Gilt leather hangings were used in several rooms at the castle as an integral part of the decoration, characterised by colour, pattern and the ability to reflect light, in contrast to wood panelling. Photographs in a late nineteenth-century album show the ‘State’ bedroom and hall hung with formalised floral designs which, like the breakfast room, were used as horizontal friezes above the panelling or the wainscot. In the dining room, a further frieze was hung, stamped in a series of different patterns over small-scale repeating motifs executed in colours, silvering and gilt. The motifs alternate to create stripes, separated by narrow silvered bands. A wide strapwork border that hung below the ceiling was again executed in gilt and silvering, enhancing the material’s reflective qualities. This gilt leather’s origins were English, as evidenced by the repeating floral motifs (including a stylised rose) characteristic of known English makers.
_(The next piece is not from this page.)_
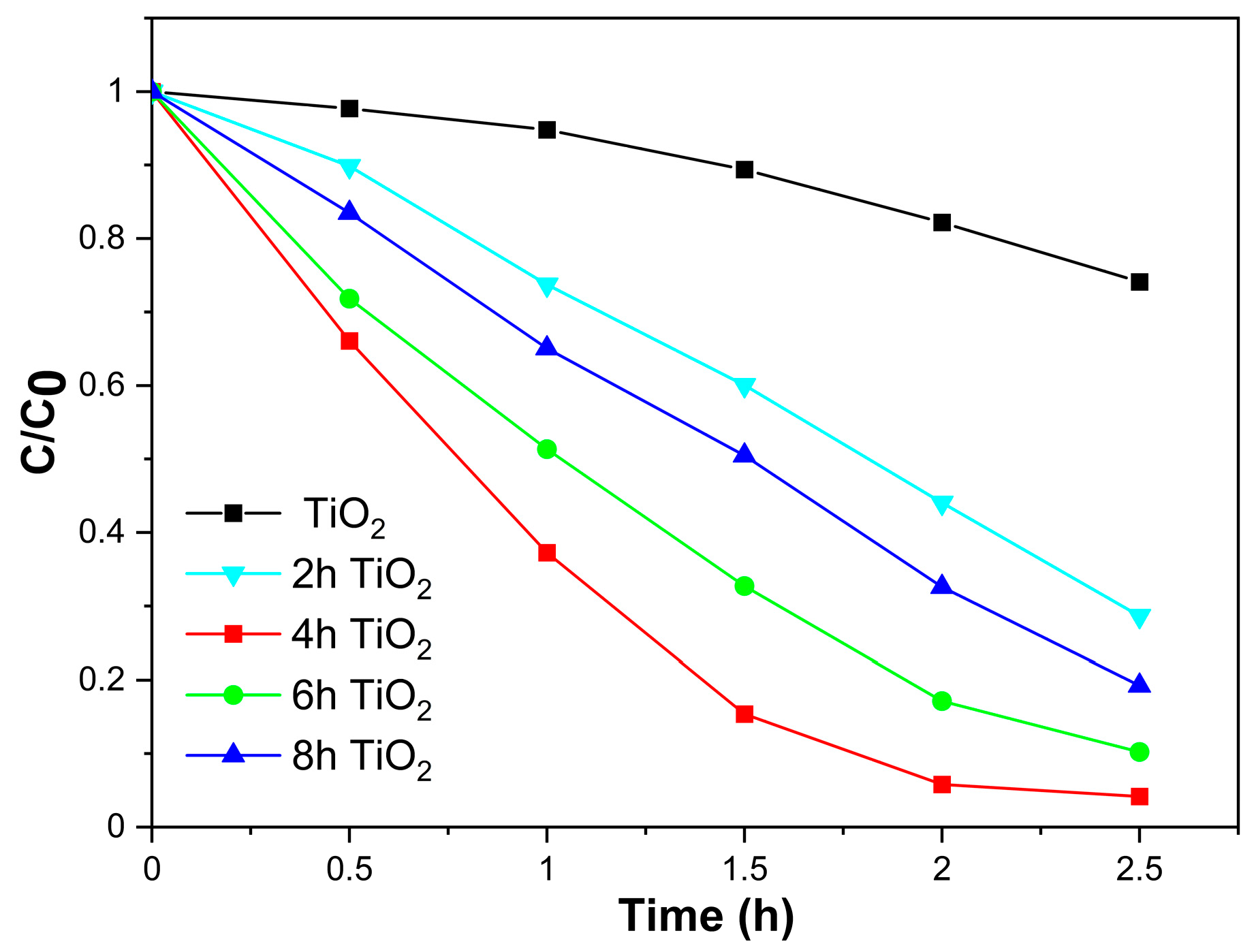 2 Nanospheres were treated using vacuum high-temperature activation at different times (2, 4, 6, and 8 h), resulting in 2hTiO

In the sixteenth century, the Wynn family had established the family’s power base in the Conwy Valley and rebuilt Gwydir. In the seventeenth century, Sir Richard furthered the family’s connections at court as both groom of the bedchamber to the future Charles I and later as treasurer to Queen Henrietta Maria. Sir Richard’s aesthetic tastes were no doubt developed through his associations at court and were reflected in the decoration of his London house on the Strand. According to the inventory taken on Sir Richard’s death, gilt leather formed part of the decorative scheme in the house’s lobby, where twenty-two pieces of canvas were hung, described as ‘ombryded’ with gilt leather, meaning it was perhaps stitched or ‘embroidered’ onto the textile hangings.
Gilt leather could also be used for upholstery, and here it was frequently used to carry through a colour-scheme between wall hangings and seat furniture. A second space at the house on the Strand, the studio, which was set apart and perhaps even constituted another building, illustrates this adaptability. It was decorated with seven pieces of blue cloth hanging with a ‘list of guilt leather round about’, evidently forming a border. This colour scheme was designed to work with other furnishings in the room, including a blue tablecloth with a gilt border and two chairs upholstered in blue.
Evidence elsewhere suggests that gilt leather, like freestanding pieces of furniture, could be moved between houses, so it is conceivable that the hangings and other gilt leather objects may have been moved between London and North Wales. Although it is difficult to say how far the schemes at Gwydir reflected nineteenth-century or earlier arrangements, they certainly serve to illustrate the skills of gilt leather makers and the sophistication of the craft they pursued.